▶ _DIRECTIONS_: Begin with the line below holding "顔面神経麻痺とは、顔の表情を" and go on through the line holding "También podemos ponerle", duplicating each line exactly and leaving out pictures.

▶ _RECORDS TO USE_:
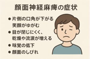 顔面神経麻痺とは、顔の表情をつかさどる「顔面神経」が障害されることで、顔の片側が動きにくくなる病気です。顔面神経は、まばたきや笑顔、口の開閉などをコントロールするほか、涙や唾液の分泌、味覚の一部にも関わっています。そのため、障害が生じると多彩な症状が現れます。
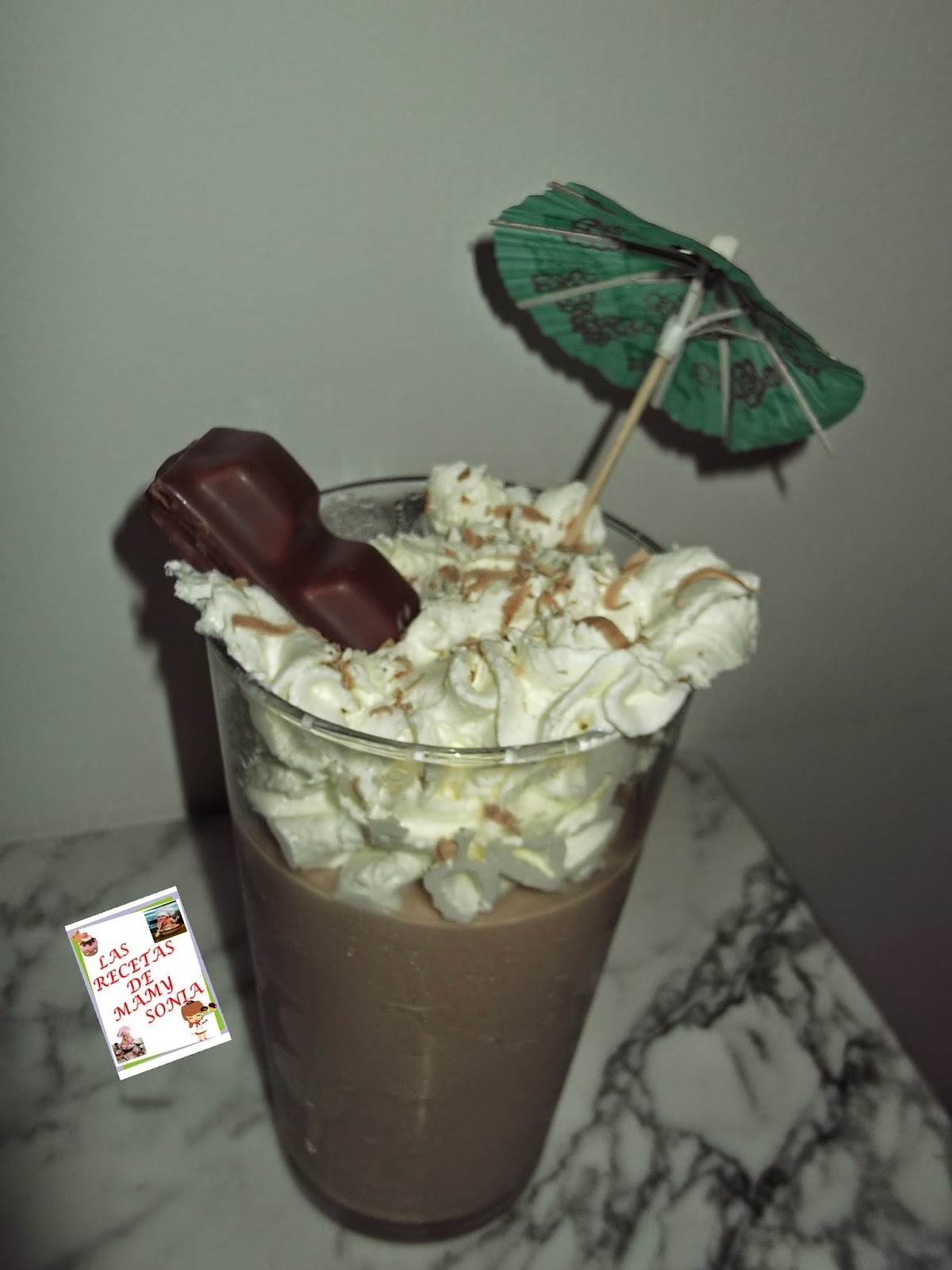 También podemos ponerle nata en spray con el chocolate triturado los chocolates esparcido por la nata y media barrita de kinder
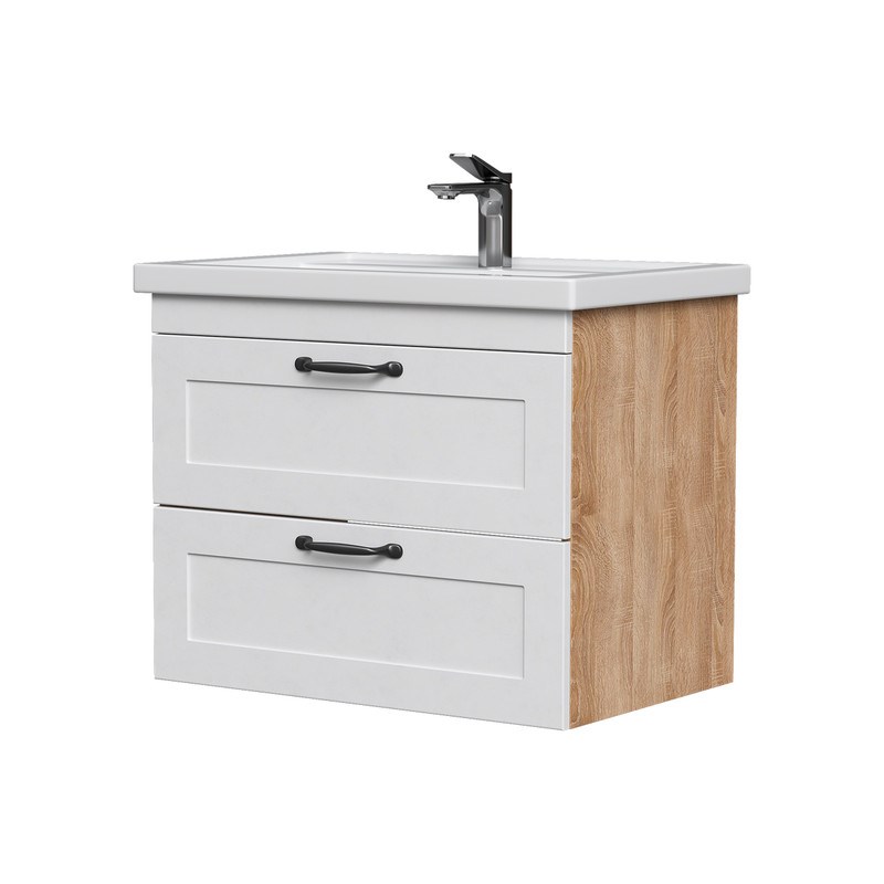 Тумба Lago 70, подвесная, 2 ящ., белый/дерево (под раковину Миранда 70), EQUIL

==

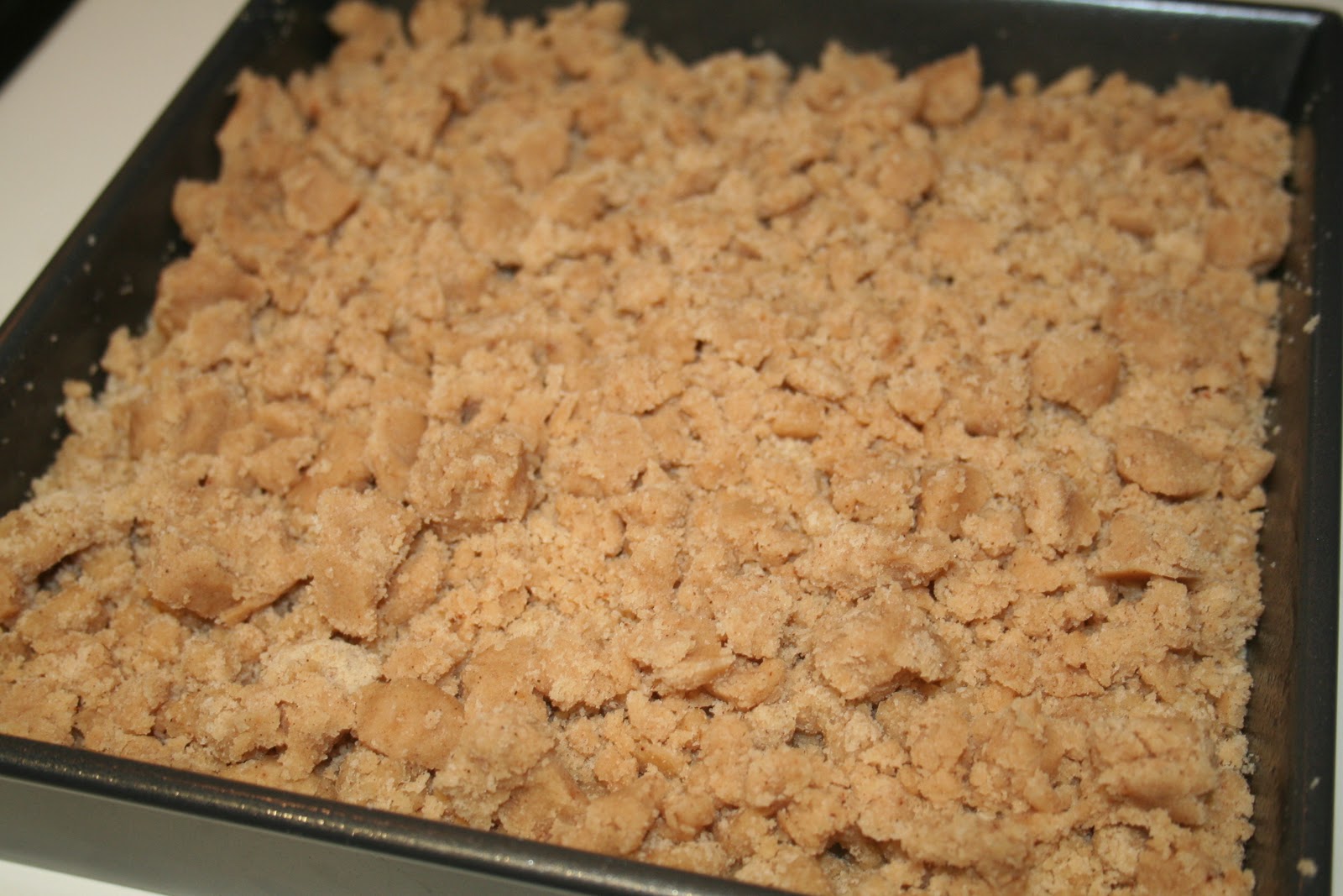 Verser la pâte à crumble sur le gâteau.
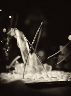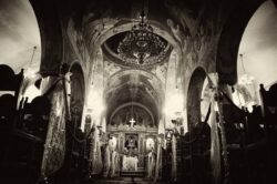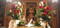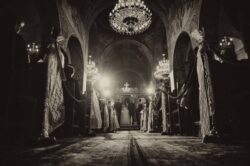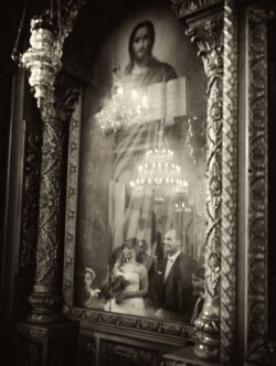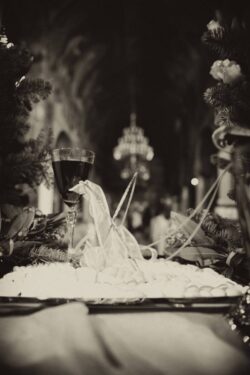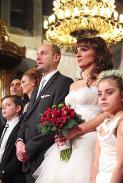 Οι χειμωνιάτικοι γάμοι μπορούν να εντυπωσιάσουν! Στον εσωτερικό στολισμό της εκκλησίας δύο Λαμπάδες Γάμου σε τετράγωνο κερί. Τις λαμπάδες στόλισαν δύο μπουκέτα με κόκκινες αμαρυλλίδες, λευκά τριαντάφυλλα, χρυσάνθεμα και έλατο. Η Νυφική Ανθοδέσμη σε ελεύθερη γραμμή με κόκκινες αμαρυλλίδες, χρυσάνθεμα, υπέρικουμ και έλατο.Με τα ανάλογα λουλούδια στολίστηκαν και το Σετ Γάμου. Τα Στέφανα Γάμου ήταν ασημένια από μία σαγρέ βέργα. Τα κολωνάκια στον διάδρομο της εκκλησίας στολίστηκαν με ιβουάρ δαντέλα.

▶ _EXPECTED ANSWER_:
 顔面神経麻痺とは、顔の表情をつかさどる「顔面神経」が障害されることで、顔の片側が動きにくくなる病気です。顔面神経は、まばたきや笑顔、口の開閉などをコントロールするほか、涙や唾液の分泌、味覚の一部にも関わっています。そのため、障害が生じると多彩な症状が現れます。
 También podemos ponerle nata en spray con el chocolate triturado los chocolates esparcido por la nata y media barrita de kinder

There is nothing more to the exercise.